Hot, but rude.
I step into the shade and glance around once, twice.
Nothing.
Then a hand catches mine from behind a brick column and I choke on a laugh before I can stop myself.
He steps out in a black hoodie and baseball cap, travel bag slung over one shoulder, dark sunglasses hiding his eyes and doing absolutely nothing to make him less devastating.
“Tristan.”
His mouth curves.
“Morning, baby.”
I swat his arm, still laughing under my breath because the entire thing feels insane.
“We look like fugitives.”
“We look efficient.”
“That’s not what this looks like.”
His fingers tighten around mine.
“It is if we move.”
Then he tugs me with him down the alley, and I go, trying not to laugh out loud as we jog past a row of campus landscaping carts like two idiots escaping a heist movie.

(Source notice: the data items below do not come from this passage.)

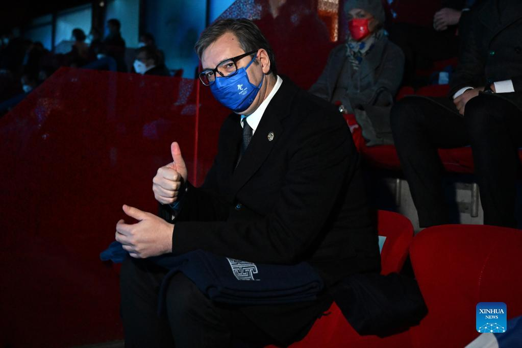Serbian President Aleksandar Vucic gives the thumbs-up sign during the opening ceremony of the 24th Olympic Winter Games at the National Stadium in Beijing, capital of China, Feb. 4, 2022. (Xinhua/Ma Ning)
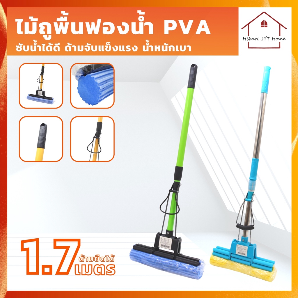 📢 [ลูกค้าใหม่ 1 บาท] ไม้ถูพื้น ไม้ม๊อบหัวฟองน้ำ ขนาด27x107CM
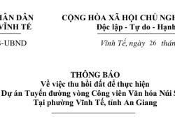Thông báo về việc thu hồi đất để thực hiện Dự án Tuyến đường vòng Công viên Văn hóa Núi Sam tại phường Vĩnh Tế, tỉnh An Giang
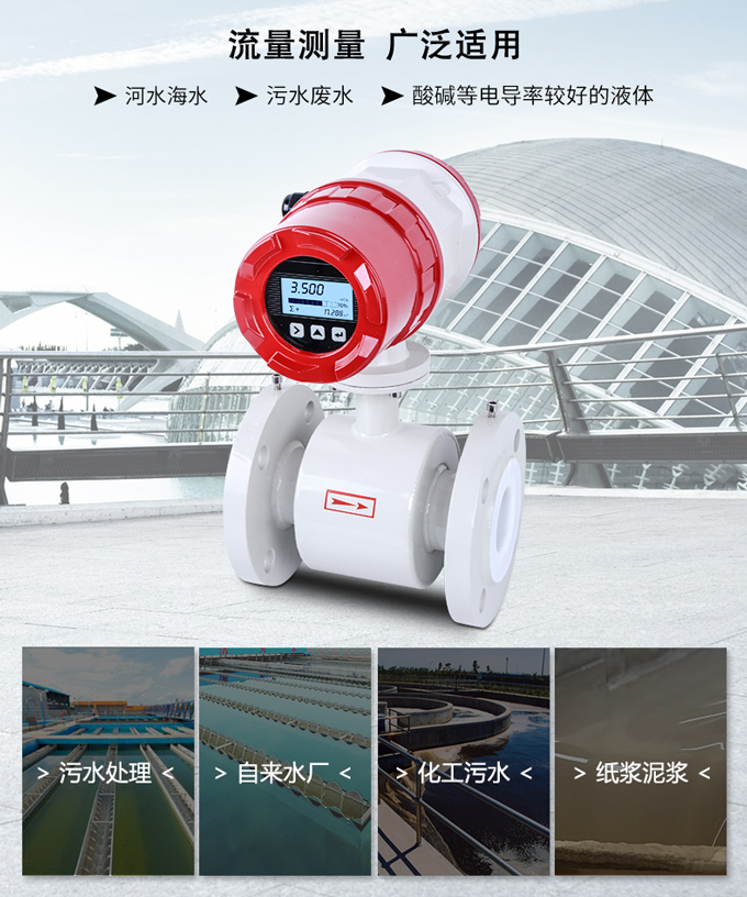 電磁流量計工作原理基于法拉第電磁感應定律。電磁流量計擁有壓損小、適用介質廣泛、可測流量范圍大等優勢被廣泛應用于各個行業。電磁流量計被廣泛應用于污水處理站(環保水控制、化工污水、電鍍污水)、鋼鐵冶金、給水排水、水利灌溉、自來水處理、泥漿紙漿、醫藥食品等生產工藝過程。
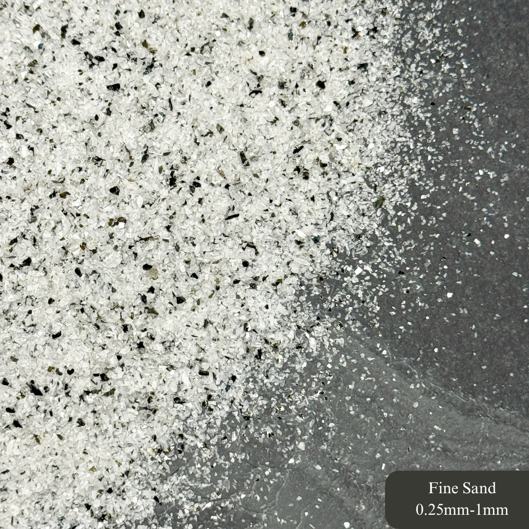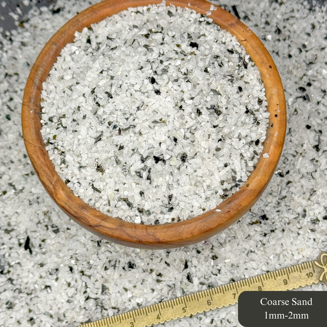 Our crushed sand-sized material ranges from very fine to coarse sand, and is available in three different size variations: 1mm to 2mm (coarse sand), 0.25mm to 2mm (medium sand), and 0.25mm to 1mm (fine sand). Our sand-sized material is ideal for a wide range of creative projects, including woodworking inlays, memorial and resin jewelry, orgonite pyramids, ring inlay, resin molds, mosaics, terrariums, bezel cups, resin art, embellishments, and metaphysical projects.
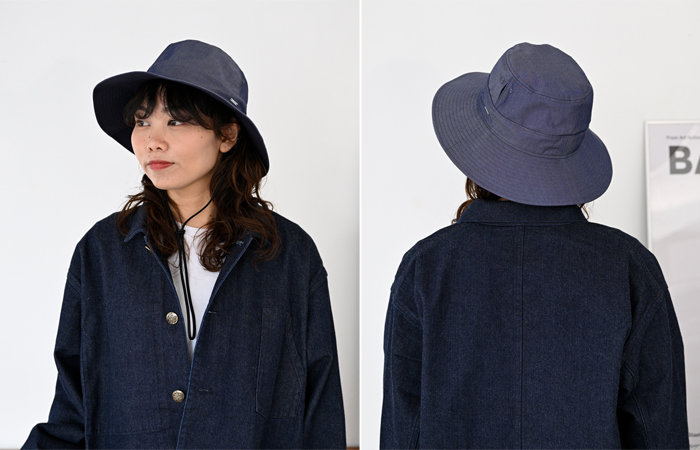 インディゴ染めのストライプ生地を使い、洗いをかけて風合いを引き出したハンチング。
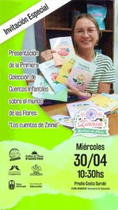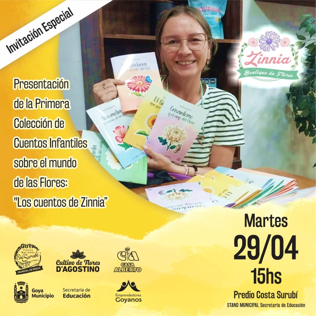 El próximo martes 29 de abril a las 15 hs en el predio Costa Surubí, en el Stand Institucional, la Secretaría de Educación presenta a la florista Sandra Aguirre, reconocida en nuestra región por su amor y dedicación al mundo natural, quien oficialmente pondrá a consideración su primera colección de cuentos infantiles: “Los Cuentos de Zinnia”.
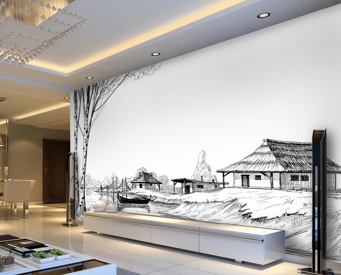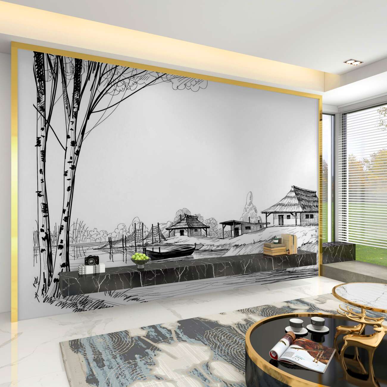 Tapeta Fototapeta Mała wioska w pobliżu wody czarnej białej (artykuł a99180 ) z kategorii Fototapety Ilustracje
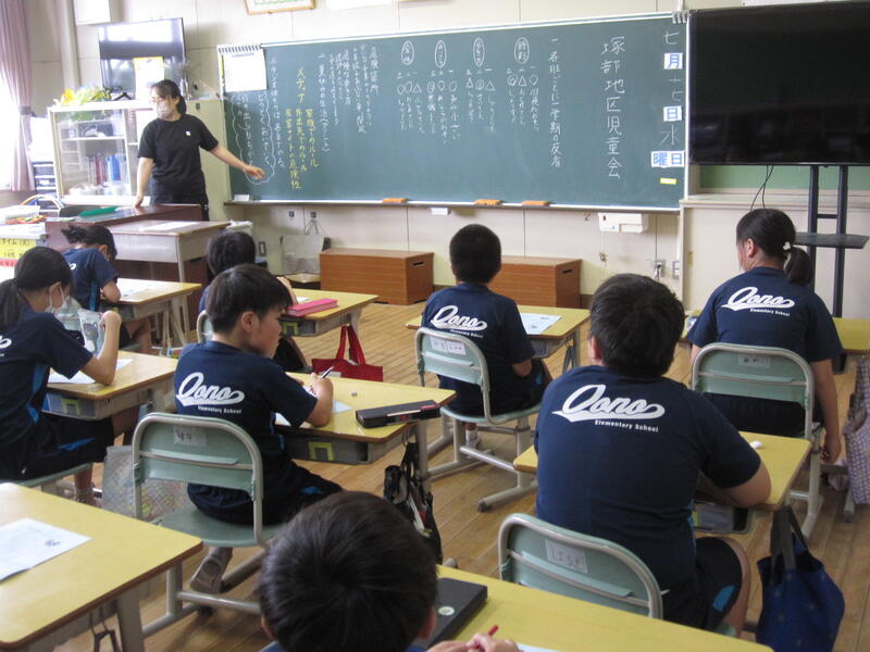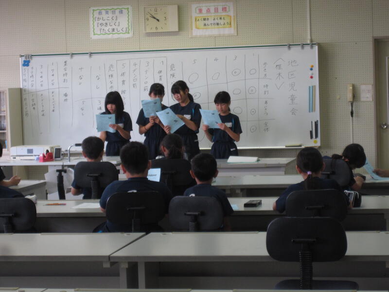 6年生を中心に1学期の集団登校の反省と今後の改善点、夏休みの過ごし方や地域内の危険個所について話し合ったり、確認したりしました。
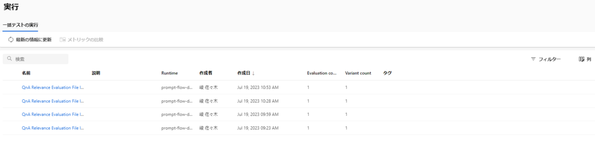 ここを選択すると一括テストの評価結果の一覧画面が表示され、各実行ごとの結果を閲覧することができます。
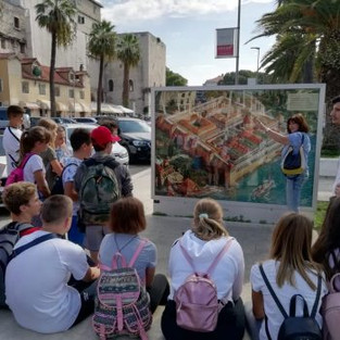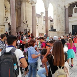 Treći dan putovanja učenici i učitelji posjetili su Split. Uz vodstvo gospođe Suzane, lokalnog vodiča, učenici su čuli mnoge povijesne činjenice i zanimljivosti o caru Dioklecijanu i njegovoj palači od koje se kasnije širio grad, današnji Split. Nakon šetnje Dioklecijanovim podrumima, Peristilom i najstarijim gradskim ulicama, ostalo je i slobodnog vremena za učeničku klapsku pjesmu i šetnju gradom.
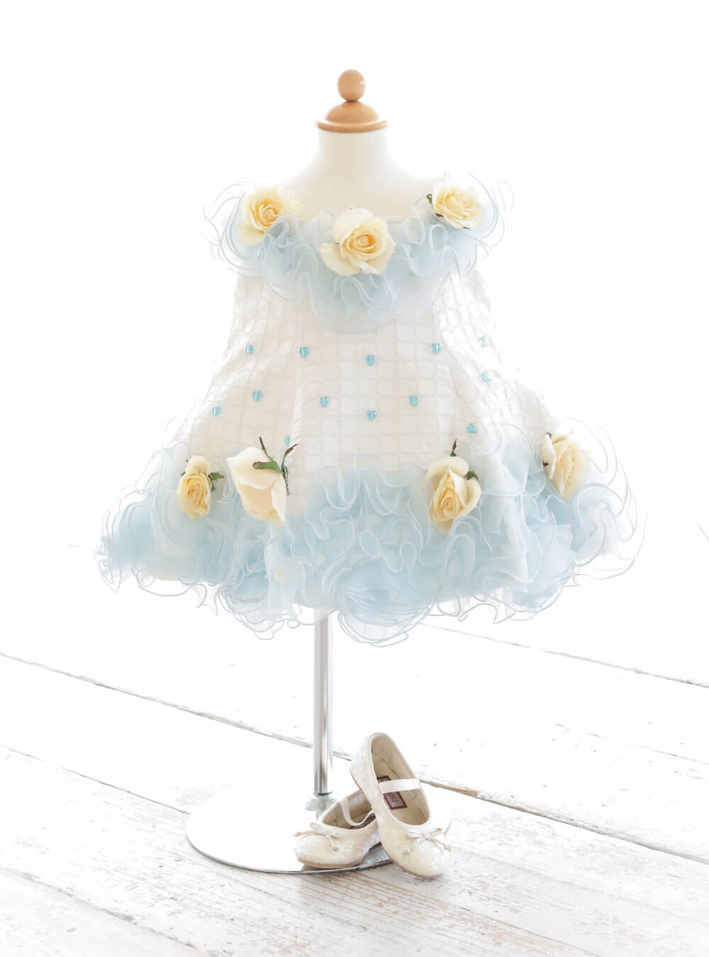 淡いブルーとクリーム色の薔薇がふんわりとしたフリルの縁に美しく配置されており、繊細な刺繍がドレス全体に華やかさを加えています。 軽やかな素材が優しく広がり、着るお子さんに無邪気なエレガンスを与えます。特別なイベントでまるでお姫様のような気分にさせる一着です。
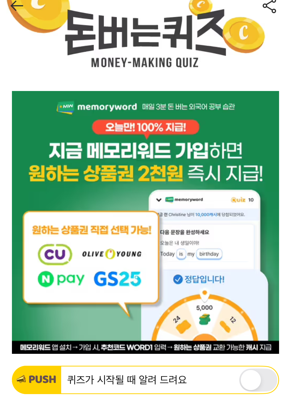 메모리워드에서 OOOO하며 돈 벌어 가세요! 지금 메모리워드에 가입하면 원하는 상품권으로 교환 가능한 캐시를 드립니다! 메모리워드에서는 영단어 퀴즈와 말하기 퀴즈를 통해 즐겁게 OOOO를 할 수 있어요. 매일 3분 메모리워드에서 OOOO하고 영어 실력과 공부 습관을 만들어 보세요!
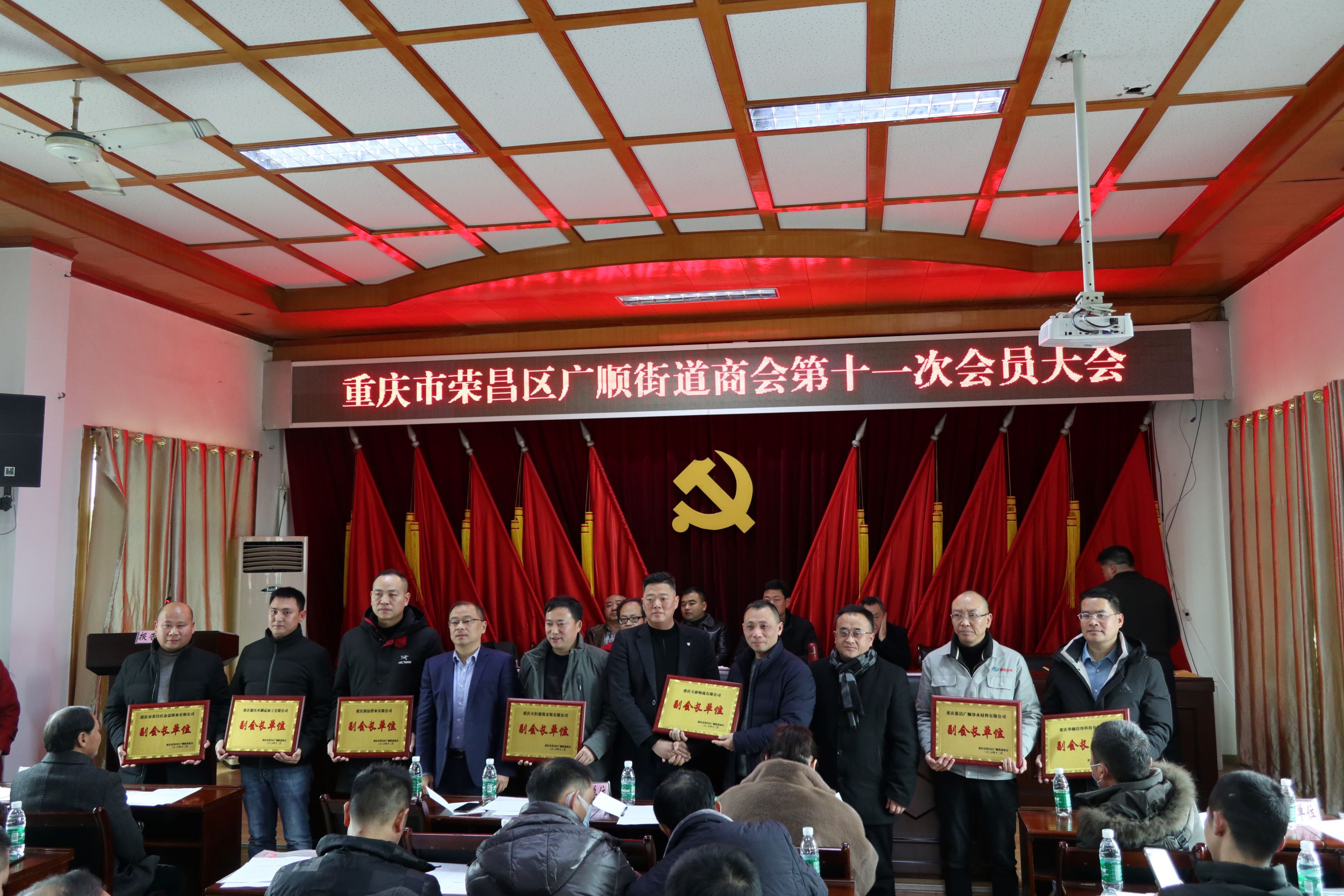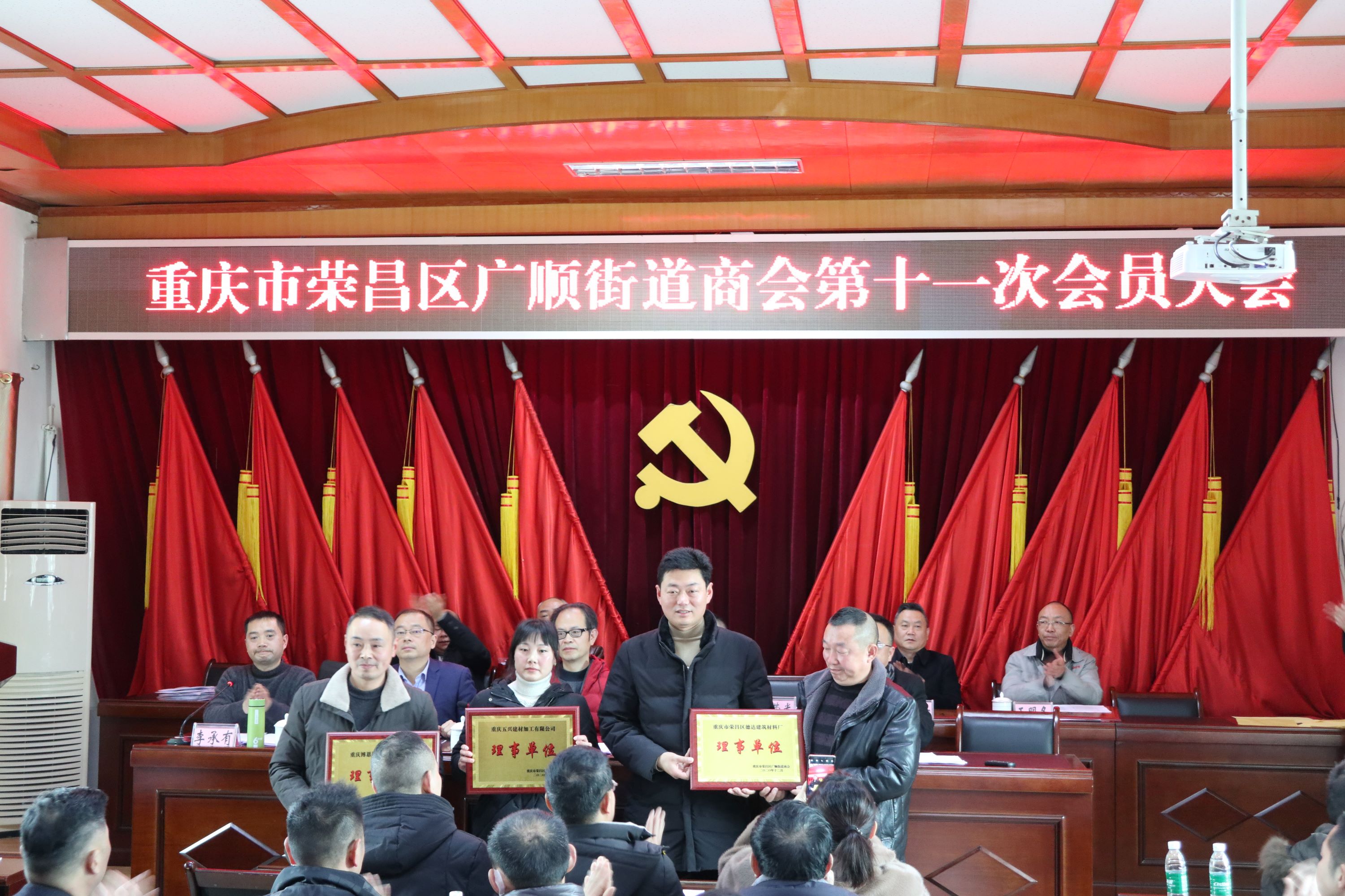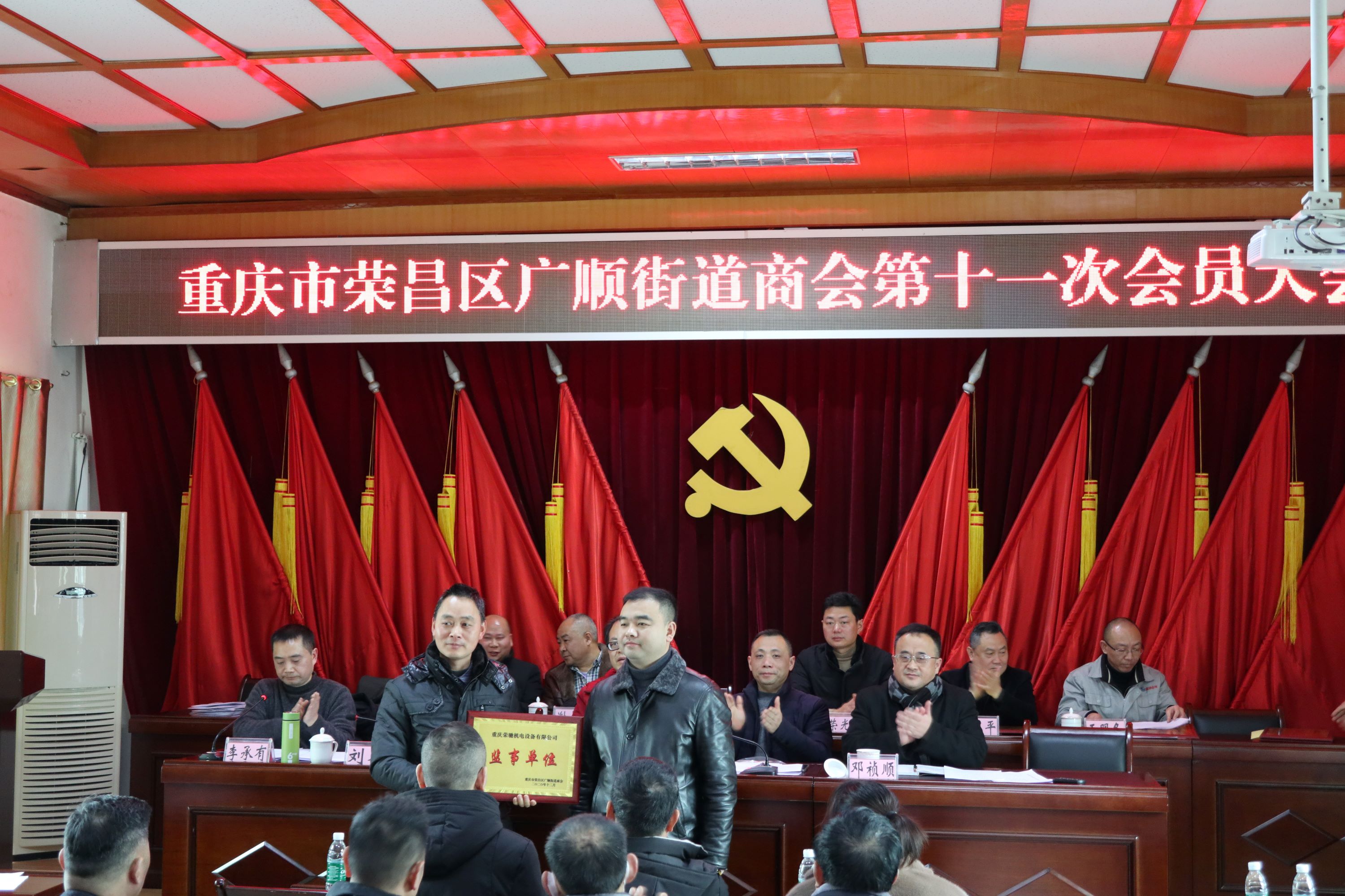 榮昌區(qū)工商聯(lián)領(lǐng)導(dǎo)、廣順街道領(lǐng)導(dǎo)分別為商會(huì)會(huì)長(zhǎng)、副會(huì)長(zhǎng)、監(jiān)事、理事單位授牌。

My duffel bumps against my hip. His hand is warm and firm around mine. My heartbeat goes strange and skittery with the combination of adrenaline and the fact that I am very aware of exactly how long it has been since I’ve been alone with him without teammates or tension or public space forcing restraint into the room.
We round the corner.
His SUV is parked in the shadow of a service building, black and clean and entirely too polished for the amount of chaos currently happening in my chest.
He takes my bag before I can protest and tosses both duffels into the back.
I fold my arms and look at him.
“So this is how it starts.”
His brows lift.
“How what starts?”
“My disappearance.”
A grin pulls at his mouth.
“If I were kidnapping you, I’d be smoother about it.”
“I don’t know.” I open the passenger door and slide in. “The sneaking and alley rendezvous were a nice dramatic touch.”
He leans one forearm on the roof of the car and looks at me over the top edge of his sunglasses.
“You’re enjoying this.”
I buckl? in and refuse to answer because yes, obviously, and he knows it.